Assigned task: Omit all images, then repeat exactly the lines below from the one containing "Šviestuvas, lempa industrinio" through the one containing "would gladly do", both ends included.

Given data:
----------------------------------------

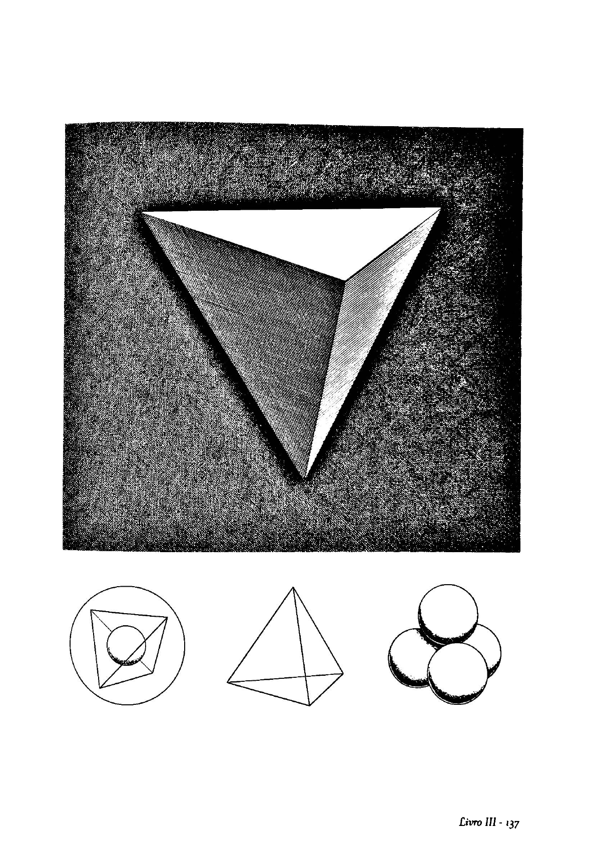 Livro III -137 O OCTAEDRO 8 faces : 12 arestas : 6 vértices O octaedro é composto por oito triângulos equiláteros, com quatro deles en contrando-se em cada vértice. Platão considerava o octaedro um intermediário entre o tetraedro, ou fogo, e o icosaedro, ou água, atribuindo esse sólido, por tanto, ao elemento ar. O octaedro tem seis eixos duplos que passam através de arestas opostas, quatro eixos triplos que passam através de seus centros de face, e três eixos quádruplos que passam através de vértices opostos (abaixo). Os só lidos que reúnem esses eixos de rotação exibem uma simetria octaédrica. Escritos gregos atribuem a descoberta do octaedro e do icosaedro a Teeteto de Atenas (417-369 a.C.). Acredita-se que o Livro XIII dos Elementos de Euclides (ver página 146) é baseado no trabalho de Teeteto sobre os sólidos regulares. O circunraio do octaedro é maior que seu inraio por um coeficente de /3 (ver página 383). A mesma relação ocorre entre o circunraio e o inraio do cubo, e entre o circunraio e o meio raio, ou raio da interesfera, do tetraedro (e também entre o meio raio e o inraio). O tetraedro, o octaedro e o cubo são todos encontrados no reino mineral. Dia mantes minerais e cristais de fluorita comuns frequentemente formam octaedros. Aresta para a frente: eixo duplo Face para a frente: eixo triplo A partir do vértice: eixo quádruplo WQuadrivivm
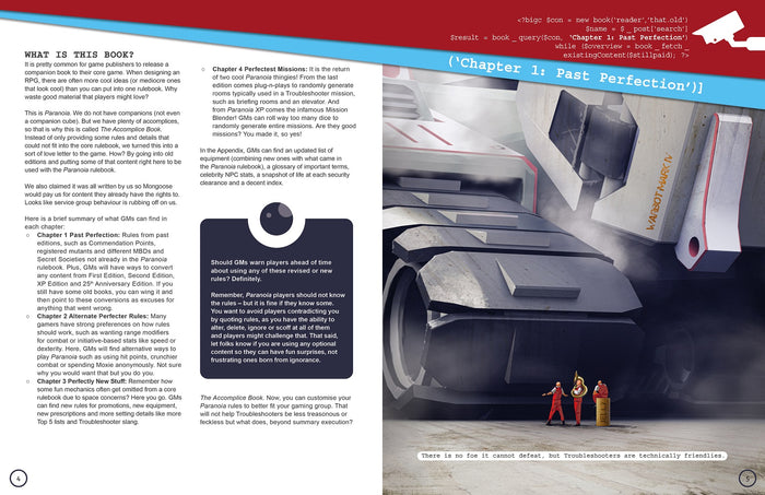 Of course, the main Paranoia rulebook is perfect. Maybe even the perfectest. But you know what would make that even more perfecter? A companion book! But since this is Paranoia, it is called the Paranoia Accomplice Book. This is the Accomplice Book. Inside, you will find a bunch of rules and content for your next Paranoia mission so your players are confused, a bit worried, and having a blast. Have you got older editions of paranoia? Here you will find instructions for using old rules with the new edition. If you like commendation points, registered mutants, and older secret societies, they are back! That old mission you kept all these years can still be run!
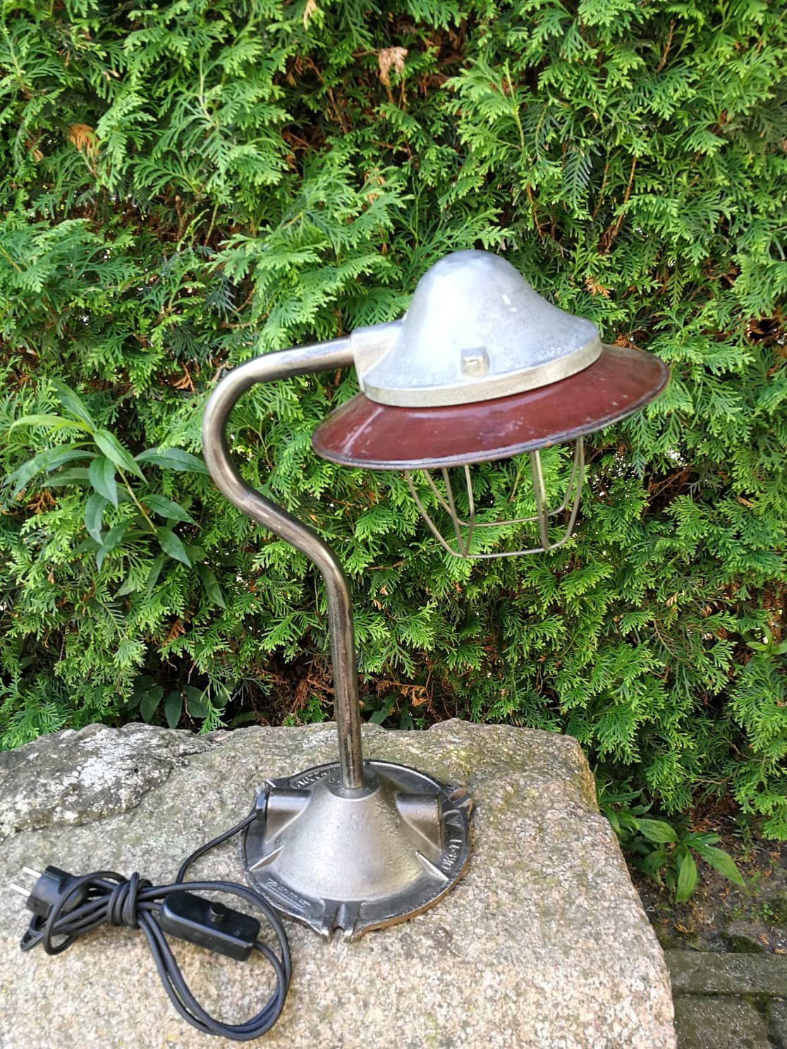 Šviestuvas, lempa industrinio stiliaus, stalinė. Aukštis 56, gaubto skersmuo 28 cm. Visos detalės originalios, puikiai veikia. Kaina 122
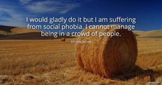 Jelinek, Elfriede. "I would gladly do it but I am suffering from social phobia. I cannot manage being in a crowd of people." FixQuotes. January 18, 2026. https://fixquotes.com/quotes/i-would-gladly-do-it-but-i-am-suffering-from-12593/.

----------------------------------------

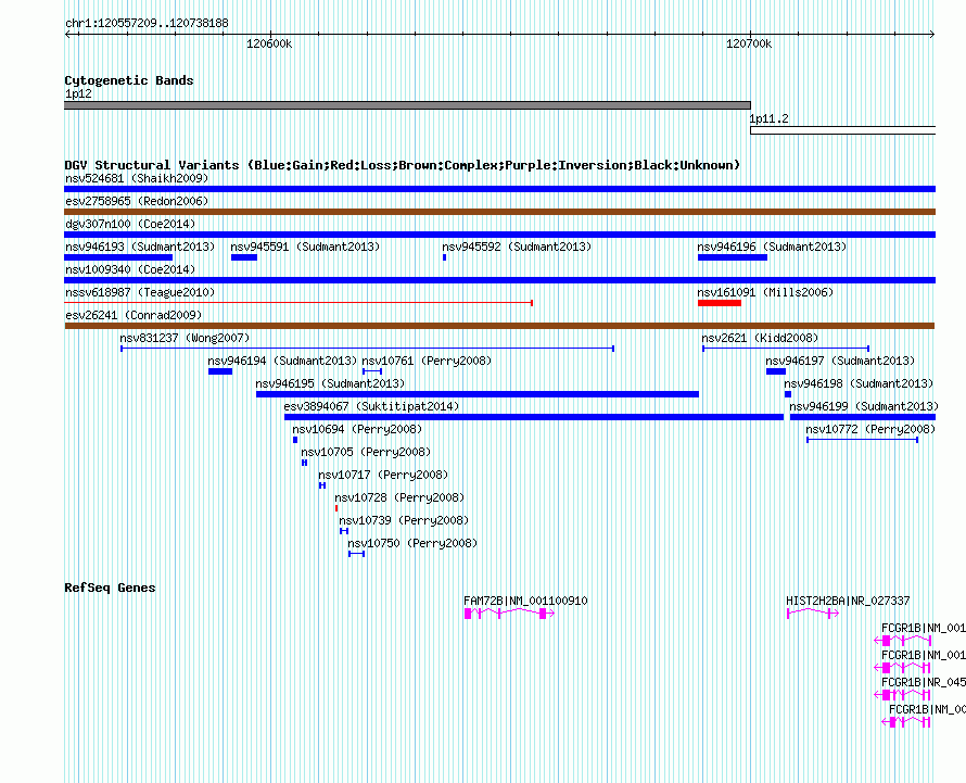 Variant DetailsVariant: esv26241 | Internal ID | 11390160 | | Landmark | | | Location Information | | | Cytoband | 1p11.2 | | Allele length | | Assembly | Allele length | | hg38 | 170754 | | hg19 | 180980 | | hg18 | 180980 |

----------------------------------------

Your solution:
 Šviestuvas, lempa industrinio stiliaus, stalinė. Aukštis 56, gaubto skersmuo 28 cm. Visos detalės originalios, puikiai veikia. Kaina 122
 Jelinek, Elfriede. "I would gladly do it but I am suffering from social phobia. I cannot manage being in a crowd of people." FixQuotes. January 18, 2026. https://fixquotes.com/quotes/i-would-gladly-do-it-but-i-am-suffering-from-12593/.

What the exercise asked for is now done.